“Are you a bear, a squirrel, a turtle, or a fox?” author David X Martin asks on the cover of The Nature of Risk, a beautifully illustrated book that makes clear the different approaches people take to considering risk. Published in 2012, this is Martin’s second book on risk management. His first was Risk and the Smart Investor.
The reviews are in:
“Garrison Keillor once remarked that cats are intended to teach us that not everything in nature has a function, but David X Martin rounded up a menagerie of forest animals to ferret out the risk function. As an introduction to risk, the book should get people thinking about everyday risk around them in the same way that Spencer Johnson’s 1998 Who Moved My Cheese got its readers thinking about the impact of change on them and their careers. Things should be made as simple as possible, but no simpler, Albert Einstein advised. David Martin’s The Nature of Risk meets that standard.”
–Dev Strischek, The RMA Journal
“Those who wrangle daily with risk can often provide insight to the broader nature of uncertainty, peril and payoff. In the investment realm, David X Martin, a senior adviser at management consultancy Oliver Wyman, has written…The Nature of Risk, a short parable for newer investors which portrays different types of risk-takers as forest animals, showing the strengths and weaknesses of each.”

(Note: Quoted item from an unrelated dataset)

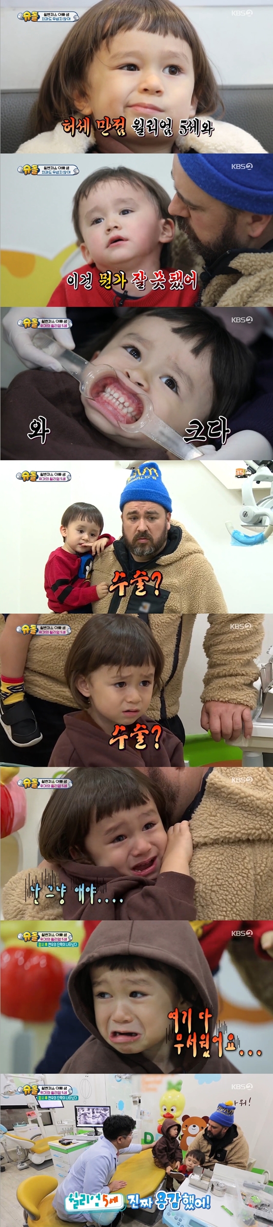 이날 방송에서는 다섯 살이 된 윌리엄의 허세 가득한 치과 방문기가 그려지며 웃음과 눈물을 동시에 선사했다. 새해를 맞이해 다섯 살이 된 윌리엄은 형 부심을 뽐내며 허세를 부렸다. 이를 본 샘 아빠가 윌리엄에게 "왜 이렇게 허세를 부리냐"고 묻자, 윌리엄은 "허세가 아니고 5세"라며 "난 윌리엄 5세"라고 말했다.

–Sue Shellenbarger, The Wall Street Journal
“Several weeks ago I read a review of David Martin’s The Nature of Risk in The RMA Journal and bought a copy. It is a brief (75 pages) Aesopian fable on the nature of risk as seen through the eyes of numerous animals: red and gray squirrels, rabbit, beaver, bear, turtle, deer, eagle, rat snake, woodpecker and a fox… Brief, simplistic, but amusing.”